Edit. Removed the call to std::make_shared - copy&paste fail based on one old version.
I have had a similar issue - we've a base class in our system called NamedComponent and I wanted to create a template which takes an existing named component and converts it into a pimpl facade.
What I did was separate the template into a header and an inline file, and create a function to cause the template to be instantiated. This allows the implementation to be in a library, with the template instantiations of the facade with that implementation, and for the client to be able to use the facade based on the template and a forward declaration of the implementation.
header 'Foo.h':
template<class T> class Foo
{
public:
Foo ();
virtual ~Foo();
private:
T *impl_;
public:
// forwarding functions
void DoIt();
};
inline functions 'Foo.inl':
#include "Foo.h"
template<class T> Foo<T>::Foo() :
impl_ ( new T )
{
}
template<class T> Foo<T>::~Foo()
{
delete impl_;
}
// forwarding functions
template<class T> void Foo<T>::DoIt()
{
impl_ -> DoIt();
}
// force instantiation
template<typename T>
void InstantiateFoo()
{
Foo<T> foo;
foo.DoIt();
}
implementation cpp file - include the template inline functions, define the implementation, reference the instantiation function:
#include "Foo.inl"
class ParticularImpl {
public:
void DoIt() {
std::cout << __FUNCTION__ << std::endl;
}
};
void InstantiateParticularFoo() {
InstantiateFoo<ParticularImpl>();
}
client cpp file - include the template header, forward declare the implementation and use the pimpl facade:
#include "Foo.h"
class ParticularImpl;
int main () {
Foo<ParticularImpl> bar;
bar.DoIt();
}
You may have to fiddle with the InstantiateFoo function's contents to force the compiler to instantiate all functions - in my case, the base called all the pimpl's functions in template methods so once one was referenced, they all were. You don't need to call the Instantiate functions, just link to them.

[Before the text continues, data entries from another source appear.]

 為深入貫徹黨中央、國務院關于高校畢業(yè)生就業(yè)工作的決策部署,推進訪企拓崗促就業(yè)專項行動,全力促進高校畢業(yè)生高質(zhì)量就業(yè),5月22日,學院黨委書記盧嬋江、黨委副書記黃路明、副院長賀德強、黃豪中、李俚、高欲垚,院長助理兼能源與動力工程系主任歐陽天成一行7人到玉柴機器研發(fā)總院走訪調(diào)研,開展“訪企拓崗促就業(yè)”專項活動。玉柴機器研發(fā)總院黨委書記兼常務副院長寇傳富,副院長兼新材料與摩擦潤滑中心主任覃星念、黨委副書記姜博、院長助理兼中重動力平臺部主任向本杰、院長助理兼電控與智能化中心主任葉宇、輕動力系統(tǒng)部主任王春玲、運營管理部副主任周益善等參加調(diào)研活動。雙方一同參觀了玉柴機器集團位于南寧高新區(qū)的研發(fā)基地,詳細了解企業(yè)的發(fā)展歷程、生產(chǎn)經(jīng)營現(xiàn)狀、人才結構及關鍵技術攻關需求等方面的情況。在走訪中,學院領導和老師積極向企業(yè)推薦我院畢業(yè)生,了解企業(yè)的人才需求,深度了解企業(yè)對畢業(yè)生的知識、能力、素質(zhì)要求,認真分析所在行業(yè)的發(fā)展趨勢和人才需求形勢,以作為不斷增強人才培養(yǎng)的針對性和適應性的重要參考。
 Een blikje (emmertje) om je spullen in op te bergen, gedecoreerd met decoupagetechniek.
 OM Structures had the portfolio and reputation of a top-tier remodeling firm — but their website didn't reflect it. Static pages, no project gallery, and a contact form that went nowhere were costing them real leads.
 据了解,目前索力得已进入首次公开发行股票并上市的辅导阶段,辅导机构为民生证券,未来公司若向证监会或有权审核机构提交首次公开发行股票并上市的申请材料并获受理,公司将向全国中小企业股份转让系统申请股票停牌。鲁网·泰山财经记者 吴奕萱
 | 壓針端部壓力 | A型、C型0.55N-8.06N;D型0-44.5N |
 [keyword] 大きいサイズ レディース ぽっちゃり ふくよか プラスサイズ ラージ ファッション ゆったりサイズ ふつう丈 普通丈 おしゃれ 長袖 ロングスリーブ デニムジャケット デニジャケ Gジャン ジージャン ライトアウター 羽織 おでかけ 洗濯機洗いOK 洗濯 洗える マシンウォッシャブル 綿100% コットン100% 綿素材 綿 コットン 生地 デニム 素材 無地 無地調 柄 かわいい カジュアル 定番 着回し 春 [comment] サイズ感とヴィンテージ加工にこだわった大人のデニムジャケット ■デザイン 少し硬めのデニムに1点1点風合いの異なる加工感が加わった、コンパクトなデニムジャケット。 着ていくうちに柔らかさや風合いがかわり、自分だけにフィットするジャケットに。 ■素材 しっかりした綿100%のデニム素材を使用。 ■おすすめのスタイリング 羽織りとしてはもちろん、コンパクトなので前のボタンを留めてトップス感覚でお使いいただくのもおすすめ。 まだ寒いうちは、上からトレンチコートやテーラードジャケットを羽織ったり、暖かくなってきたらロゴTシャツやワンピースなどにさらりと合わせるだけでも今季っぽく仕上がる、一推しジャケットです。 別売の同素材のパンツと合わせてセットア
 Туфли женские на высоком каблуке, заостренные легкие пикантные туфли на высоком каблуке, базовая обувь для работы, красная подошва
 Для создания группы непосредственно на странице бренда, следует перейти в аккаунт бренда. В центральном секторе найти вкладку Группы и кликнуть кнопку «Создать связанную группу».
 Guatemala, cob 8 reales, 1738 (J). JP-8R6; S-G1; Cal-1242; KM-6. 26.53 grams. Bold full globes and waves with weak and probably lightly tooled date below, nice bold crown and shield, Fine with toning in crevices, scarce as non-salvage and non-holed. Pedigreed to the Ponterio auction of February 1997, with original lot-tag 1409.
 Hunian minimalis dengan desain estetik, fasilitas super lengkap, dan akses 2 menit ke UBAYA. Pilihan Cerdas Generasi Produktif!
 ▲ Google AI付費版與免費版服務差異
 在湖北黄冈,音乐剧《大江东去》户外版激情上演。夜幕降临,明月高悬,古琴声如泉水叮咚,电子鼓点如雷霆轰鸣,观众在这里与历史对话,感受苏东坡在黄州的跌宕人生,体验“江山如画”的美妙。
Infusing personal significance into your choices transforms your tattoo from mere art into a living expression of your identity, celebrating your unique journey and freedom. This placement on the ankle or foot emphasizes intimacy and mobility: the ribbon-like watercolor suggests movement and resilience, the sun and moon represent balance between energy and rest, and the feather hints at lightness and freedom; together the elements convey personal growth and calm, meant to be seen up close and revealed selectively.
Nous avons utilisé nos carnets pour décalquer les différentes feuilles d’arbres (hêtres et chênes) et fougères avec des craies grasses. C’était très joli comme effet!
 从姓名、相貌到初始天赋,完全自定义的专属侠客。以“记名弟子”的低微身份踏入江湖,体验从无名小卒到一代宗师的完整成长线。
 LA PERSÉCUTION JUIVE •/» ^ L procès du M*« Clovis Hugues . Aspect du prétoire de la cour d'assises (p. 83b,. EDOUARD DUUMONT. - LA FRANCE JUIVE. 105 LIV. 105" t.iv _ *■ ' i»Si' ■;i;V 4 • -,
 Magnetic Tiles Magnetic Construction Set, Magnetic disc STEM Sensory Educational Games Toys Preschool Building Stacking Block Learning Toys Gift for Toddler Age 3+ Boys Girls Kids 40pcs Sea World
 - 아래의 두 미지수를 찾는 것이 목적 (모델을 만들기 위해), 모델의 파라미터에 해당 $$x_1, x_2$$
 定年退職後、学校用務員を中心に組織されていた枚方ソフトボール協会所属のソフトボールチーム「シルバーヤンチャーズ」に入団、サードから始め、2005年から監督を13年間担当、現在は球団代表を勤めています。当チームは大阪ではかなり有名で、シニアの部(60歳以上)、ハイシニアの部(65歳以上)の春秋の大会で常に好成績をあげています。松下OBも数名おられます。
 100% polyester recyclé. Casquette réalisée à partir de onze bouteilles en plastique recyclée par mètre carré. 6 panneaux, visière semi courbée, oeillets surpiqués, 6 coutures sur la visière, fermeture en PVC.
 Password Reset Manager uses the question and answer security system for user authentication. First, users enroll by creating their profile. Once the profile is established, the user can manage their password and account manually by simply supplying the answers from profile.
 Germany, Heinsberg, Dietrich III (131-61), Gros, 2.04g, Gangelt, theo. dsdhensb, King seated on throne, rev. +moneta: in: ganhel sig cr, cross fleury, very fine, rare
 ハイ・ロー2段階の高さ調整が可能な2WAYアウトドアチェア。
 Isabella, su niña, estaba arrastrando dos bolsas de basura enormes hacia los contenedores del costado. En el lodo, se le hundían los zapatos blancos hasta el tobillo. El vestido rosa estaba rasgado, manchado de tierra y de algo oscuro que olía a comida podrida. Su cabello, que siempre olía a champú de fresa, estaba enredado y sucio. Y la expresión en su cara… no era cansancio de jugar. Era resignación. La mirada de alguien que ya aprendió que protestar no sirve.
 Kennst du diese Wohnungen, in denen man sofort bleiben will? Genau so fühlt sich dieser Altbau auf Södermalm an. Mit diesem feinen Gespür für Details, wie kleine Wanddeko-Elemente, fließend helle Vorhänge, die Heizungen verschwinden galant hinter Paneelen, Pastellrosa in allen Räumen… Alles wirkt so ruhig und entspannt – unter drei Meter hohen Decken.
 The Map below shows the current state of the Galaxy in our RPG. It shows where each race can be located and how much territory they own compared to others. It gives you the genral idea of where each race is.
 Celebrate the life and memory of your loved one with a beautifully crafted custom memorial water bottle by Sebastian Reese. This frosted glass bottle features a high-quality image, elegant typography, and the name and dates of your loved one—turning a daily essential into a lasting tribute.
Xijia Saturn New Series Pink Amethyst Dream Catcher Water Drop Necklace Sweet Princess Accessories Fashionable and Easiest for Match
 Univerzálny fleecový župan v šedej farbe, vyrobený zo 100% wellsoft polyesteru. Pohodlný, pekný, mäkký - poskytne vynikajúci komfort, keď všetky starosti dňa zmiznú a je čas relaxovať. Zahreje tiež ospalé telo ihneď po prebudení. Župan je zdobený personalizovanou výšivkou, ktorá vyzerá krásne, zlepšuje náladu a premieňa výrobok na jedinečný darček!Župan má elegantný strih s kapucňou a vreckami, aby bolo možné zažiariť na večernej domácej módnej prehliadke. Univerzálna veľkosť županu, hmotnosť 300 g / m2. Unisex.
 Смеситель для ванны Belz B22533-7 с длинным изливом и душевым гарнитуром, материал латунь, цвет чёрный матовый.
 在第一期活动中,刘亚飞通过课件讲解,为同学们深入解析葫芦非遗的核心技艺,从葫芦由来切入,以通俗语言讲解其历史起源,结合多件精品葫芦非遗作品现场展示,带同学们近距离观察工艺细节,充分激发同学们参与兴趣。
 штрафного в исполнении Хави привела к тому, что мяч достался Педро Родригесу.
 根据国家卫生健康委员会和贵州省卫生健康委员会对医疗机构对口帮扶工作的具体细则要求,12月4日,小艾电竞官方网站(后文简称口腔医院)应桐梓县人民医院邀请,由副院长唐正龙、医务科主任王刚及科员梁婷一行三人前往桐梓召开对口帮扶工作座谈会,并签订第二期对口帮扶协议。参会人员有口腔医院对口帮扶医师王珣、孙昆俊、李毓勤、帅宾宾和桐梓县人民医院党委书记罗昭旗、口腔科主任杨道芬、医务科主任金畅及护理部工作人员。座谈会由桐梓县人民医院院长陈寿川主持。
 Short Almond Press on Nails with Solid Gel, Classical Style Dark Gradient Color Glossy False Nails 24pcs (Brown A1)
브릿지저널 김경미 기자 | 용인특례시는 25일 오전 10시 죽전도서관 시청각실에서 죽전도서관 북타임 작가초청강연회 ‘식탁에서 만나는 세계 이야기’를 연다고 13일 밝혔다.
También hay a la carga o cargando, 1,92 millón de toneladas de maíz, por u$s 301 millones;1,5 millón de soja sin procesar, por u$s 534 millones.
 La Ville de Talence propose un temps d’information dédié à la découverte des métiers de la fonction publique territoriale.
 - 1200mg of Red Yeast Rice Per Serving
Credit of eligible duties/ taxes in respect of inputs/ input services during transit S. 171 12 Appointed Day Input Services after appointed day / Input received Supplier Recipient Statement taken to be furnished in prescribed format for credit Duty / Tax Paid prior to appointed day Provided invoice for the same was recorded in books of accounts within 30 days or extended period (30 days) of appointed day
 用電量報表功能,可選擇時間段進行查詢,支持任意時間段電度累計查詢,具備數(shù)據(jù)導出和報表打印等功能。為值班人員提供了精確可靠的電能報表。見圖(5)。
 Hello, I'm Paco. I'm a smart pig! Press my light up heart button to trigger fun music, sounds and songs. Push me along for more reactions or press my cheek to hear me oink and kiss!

IMHO PIMPL doesn't make much sense with templates, unless you know all possible template parameters and that set is fairly small. The problem is, that you will either have the Impl implementation in the header file otherwise, as has been noted in the comments. If the number of possible T parameters is small, you still can go with the separation, but you'll need to declare the specialisations in the header and then explicitly instantiate them in the source file.
Now to the compiler error: unique_ptr<Impl> requires the definition of Impl to be available. You'll need to directly use new and delete in the ctor Foo::Foo and dtor Foo::~Foo, respectively instead and drop the convenience/safety of smart pointers.
Related
I have an application class that can take in a dependent class as a template argument to the constructor. This dependent class is required to provide certain templated functions that the application class can call. I would like to offload this dependent class object to a pimpl class so the application class is not a template class and thus header-only.
Here is a rough idea of what I mean.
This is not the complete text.